An investigator initiated study (IIS) is a clinical trial of a device that is sponsored by an independent researcher, rather than the manufacturer of the device. The clinical data generated by investigator initiated studies can be incredibly valuable to the manufacturers of the device, but unfortunately, not all of the data that comes out of IIS are suitable to be used for clinical evaluation.
Notified bodies have been very clear on this point: if you want to use data from IIS, you must be able to demonstrate that the study has generated high-quality data that was collected and managed in a compliant manner. That means compliance with Good Clinical Practice (GCP) and data privacy regulations like the EU’s General Data Protection Regulation (GDPR).
The main problem that device manufacturers run into with investigator initiated studies is that the investigators typically do not have the same level of experience as a Clinical Affairs professional. And that lack of experience often leads them to make mistakes with data collection that lead to potentially great clinical data being rendered unusable in the eyes of Notified Bodies.
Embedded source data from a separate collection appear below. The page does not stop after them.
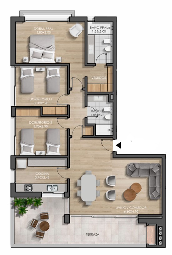 El inmueble cuenta con 3 dormitorios, uno de ellos en suite con vestidor, además de un segundo baño completo. Su amplio living comedor se integra a una cocina definida con ventilación y luz natural y ofrece salida directa a una gran terraza de 23 m² con parrillero privado y vistas abiertas al verde del parque.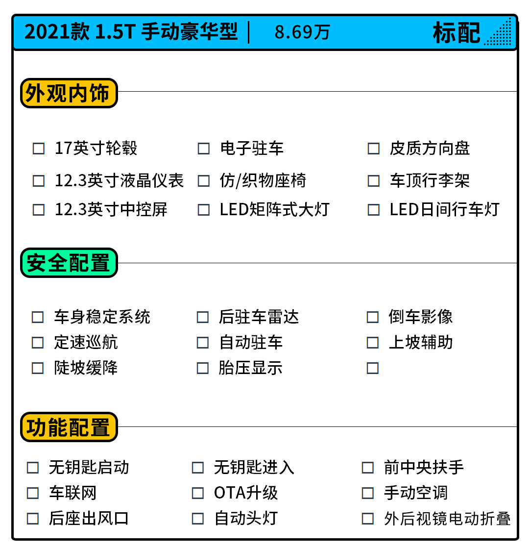 在配置方面,厂家还是给足了诚意,即便最入门级的“手动豪华型 ”,也配备了皮质方向盘、12.3英寸液晶仪表、12.3英寸中控屏、LED矩阵式大灯、无钥匙启动、车联网、后座出风口等。而在安全配置方面,诸如车身稳定系统、后驻车雷达、倒车影像、胎压显示、陡坡缓降等配备,可谓入门即高配。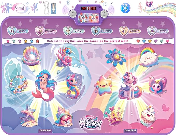 • Spacious & Dreamy Dual-Dance Zones: The largest dance mat (150×90 cm) features dual fantasy themes—Unicorn Dreamland & Mermaid Ocean City—with 12 keys shaped as stars, rainbows, ice cream, butterflies, and sea creatures. Its extra-large width fits 2-3 players for dance battles challenge or band performances, suitable for ages 3+ to adults.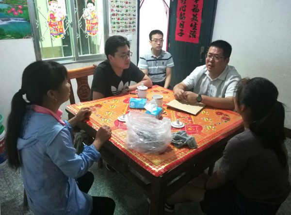 与家访学生和家长深入交谈(摄影:陈孝柱)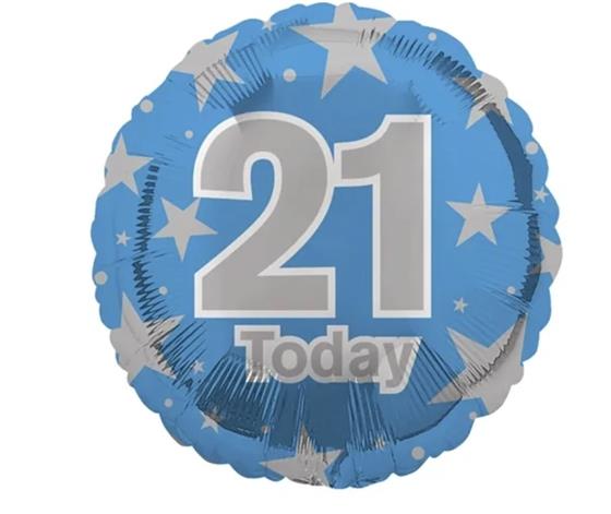 21 Today Blue & Silver Stars Balloon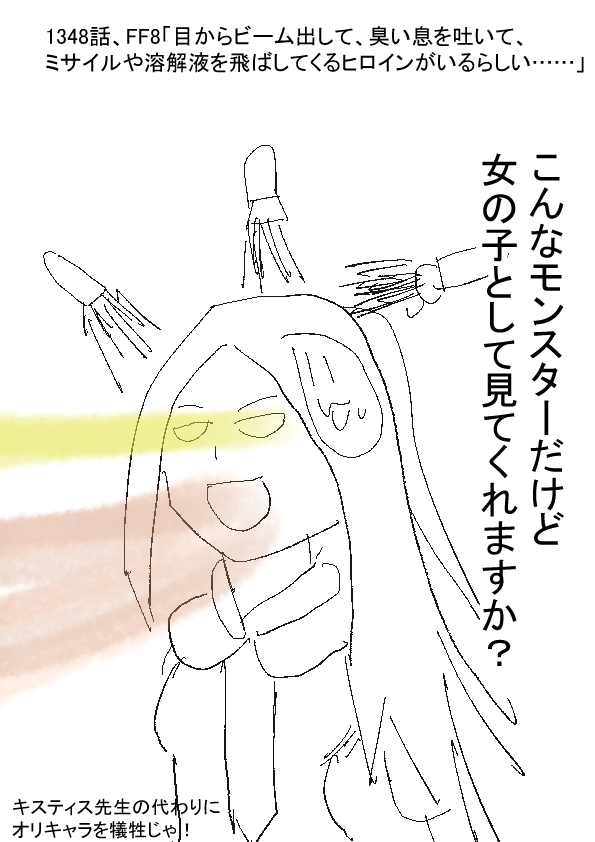 キスティス先生(´;ω;`)青魔法って、敵の技が使えるのよ…… だから、目からビームとか、ミサイルとか、撃てちゃうの…… ↓ (´ω`)青魔法ってダメージがしょぼいだろ? 帰れモルボル女 キスティス先生(´;ω;`そんなぁ…… ★★★ -- ★(ノ゜ω゜)(ノ゜ω゜)こらぁー!?キスティス先生をモンスター扱いするなぁー! -- †(´・ω・`)でも戦闘中に……モンスターの技使いまくる女じゃぞ……? 臭い息とかやばいじゃろ…… きっと、彼女が孤児になったのは、青魔法のせいじゃな…… -- ★(ノ゜ω゜)(ノ゜ω゜)その推理はやめろぉー!? -- †(´・ω・`)(でも一発芸としては良さそうじゃな……「目からビーム!」とか、きっと皆、驚いてくれるぞい……)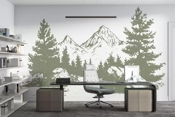 Fotomurales Los Alpes, montañas con bosque, dibujo lineal, color verde Nr. w03342v1

So, let’s walk through three of the most common problems with clinical data collection during investigator initiated studies. At the end of each section, I’m going to link to a free, customizable template that you can offer to investigators pursuing IIS with your device. These templates will help them avoid these problems without interfering in the study.
In Clinical Affairs, “consent” typically refers to the informed consent that individuals must give before participating in the study. And while informed consent is an important part of collecting good clinical data, it’s not the only type of consent that investigators need to obtain.
Under EU GDPR, individuals must consent to the sharing of their data with third parties. That consent must be:
If you’re a device manufacturer hoping to get clinical data from an investigator initiated study, data consent is paramount. If it’s done incorrectly, or not done at all, you will not be able to access that clinical data. There have been cases where studies went on for two or three years, with hundreds of participants, and the manufacturer ended up with no access to the data—simply because the patients never signed off on sharing their data with a third party.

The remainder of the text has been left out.